_Recorded information_:
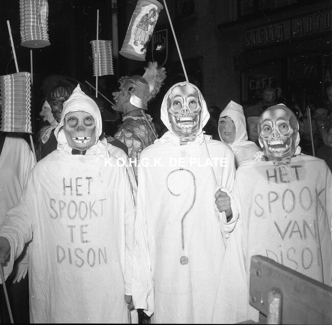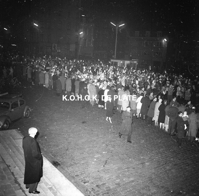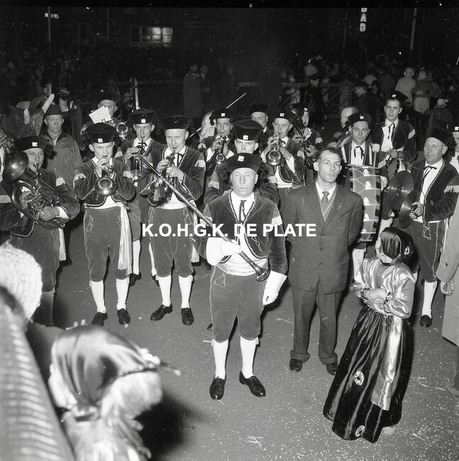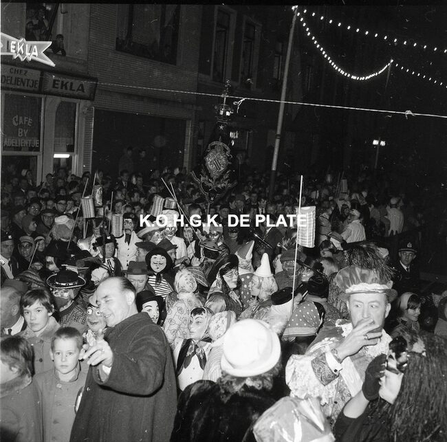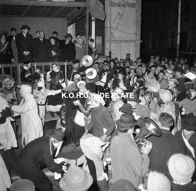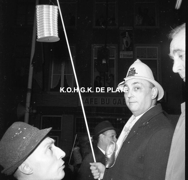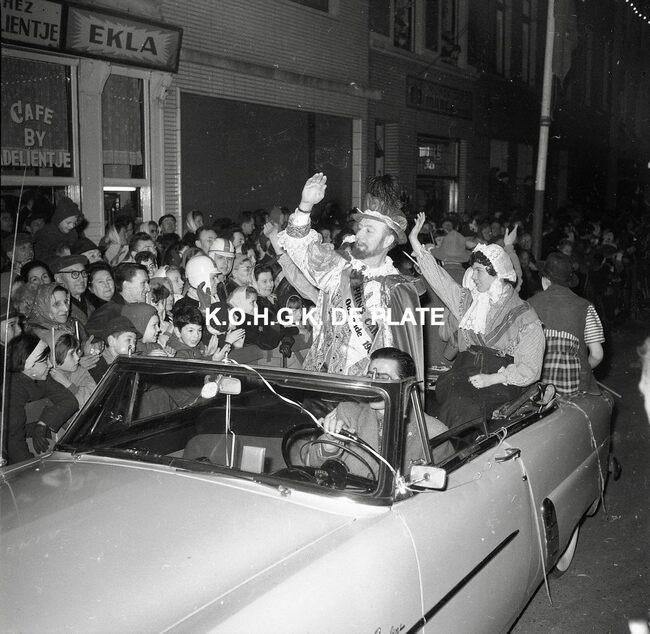 Formaat : 12,5 x 12,5 cm. - Veel gemaskerde carnavalvierders. Op de tribune, het prinsenpaar Albrecht en Isabella van Mariakerke 1961 met rechts van hen, burgemeester Jan Piers en naast hem, schepen, Kamiel Dehouck. Linsk…
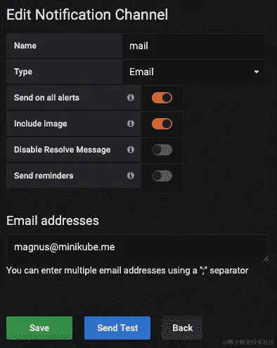 要在 Grafana 中配置基于邮件的通知渠道,请执行以下步骤:
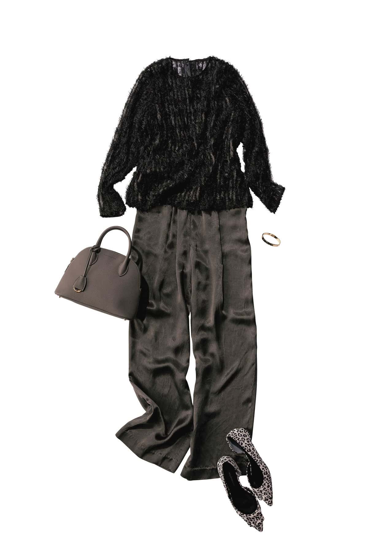 華やかさを保ちつつ、モノトーンコーデにすることで上品な雰囲気に。印象的な形のハンドバッグが差し色になって◎。リングやピアス、ブレスレッドなどのアクセサリーで煌めきを重ねて。
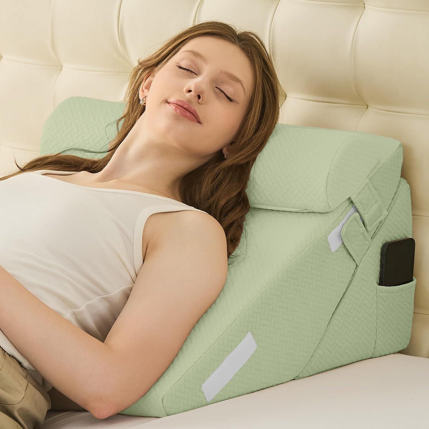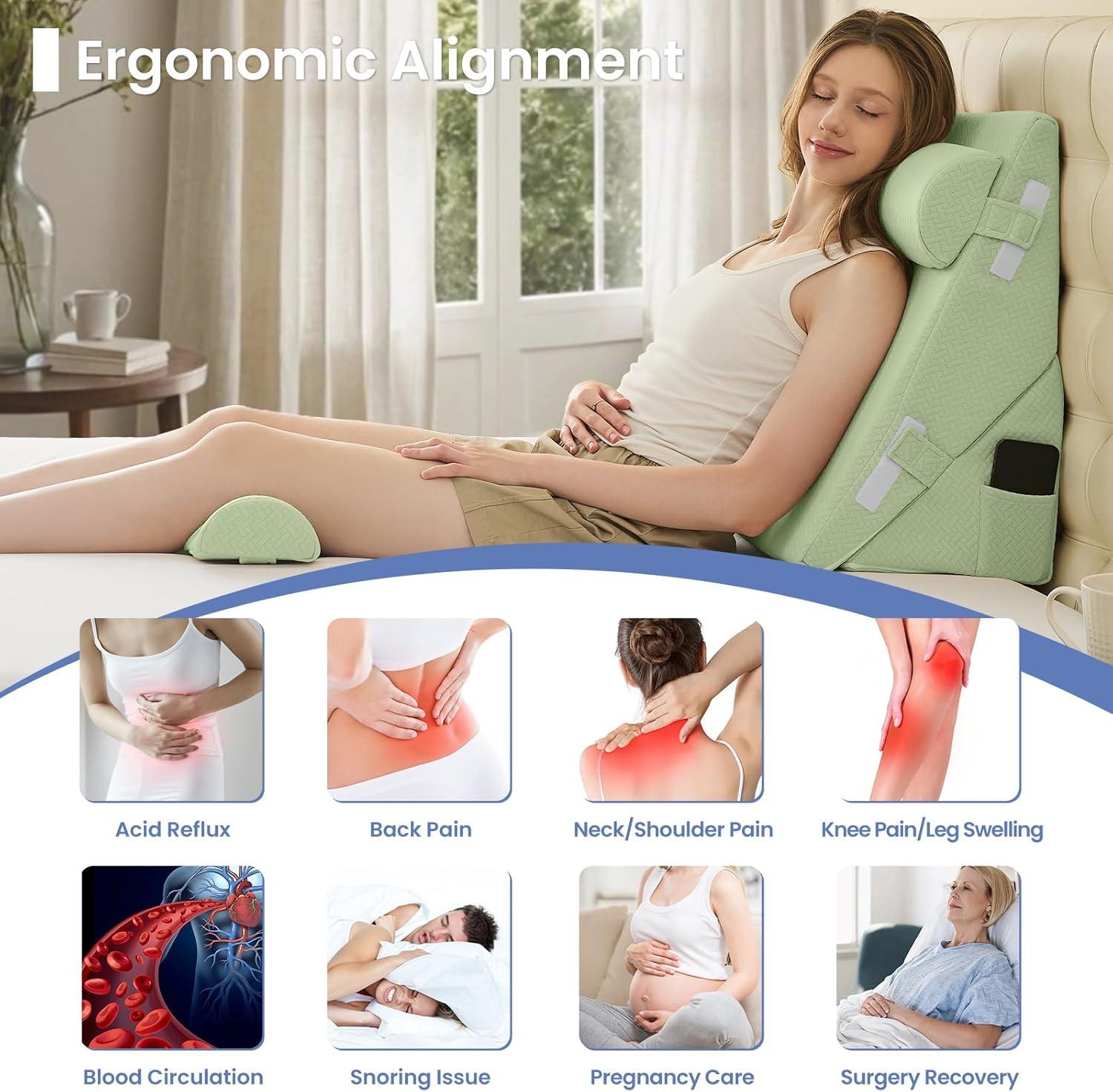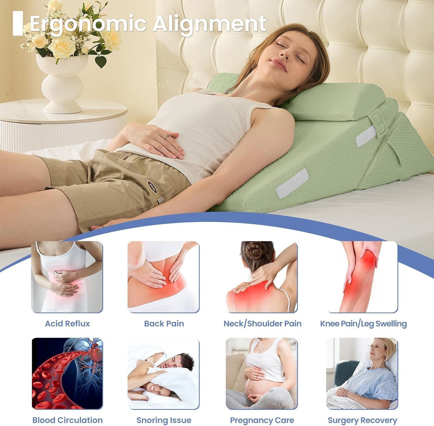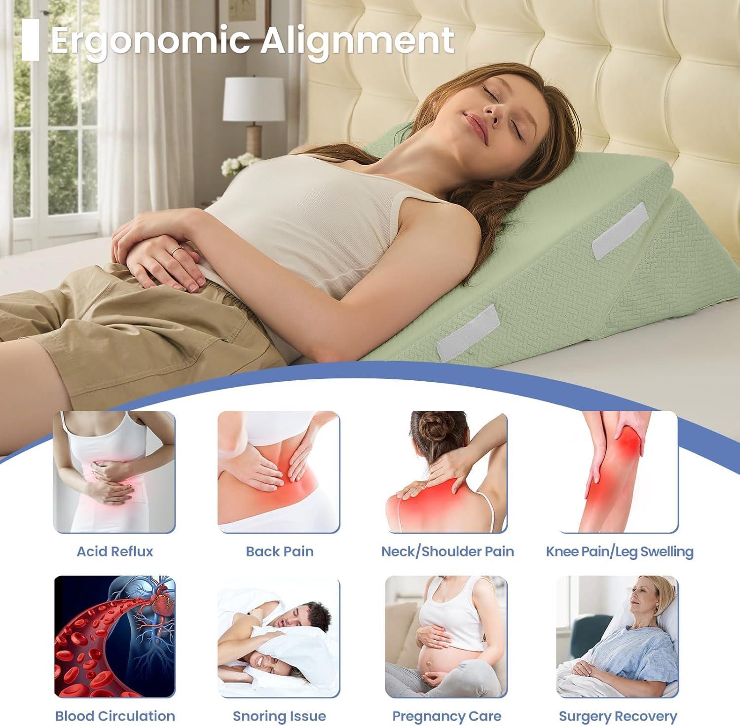 Multifunctional Wedge Pillow: This wedge pillow for sleeping helps reduce acid reflux, snoring, and heartburn through improved breathing and circulation. The pillow wedge also helps ease back, neck, and leg pressure, ideal for post-surgery recovery

_What you have to do_:
Give again, word for word, every line from the top of the data through the line with "華やかさを保ちつつ、モノトー", both ends included, and exclude the pictures.

_Task solution_:
 Formaat : 12,5 x 12,5 cm. - Veel gemaskerde carnavalvierders. Op de tribune, het prinsenpaar Albrecht en Isabella van Mariakerke 1961 met rechts van hen, burgemeester Jan Piers en naast hem, schepen, Kamiel Dehouck. Linsk…
 要在 Grafana 中配置基于邮件的通知渠道,请执行以下步骤:
 華やかさを保ちつつ、モノトーンコーデにすることで上品な雰囲気に。印象的な形のハンドバッグが差し色になって◎。リングやピアス、ブレスレッドなどのアクセサリーで煌めきを重ねて。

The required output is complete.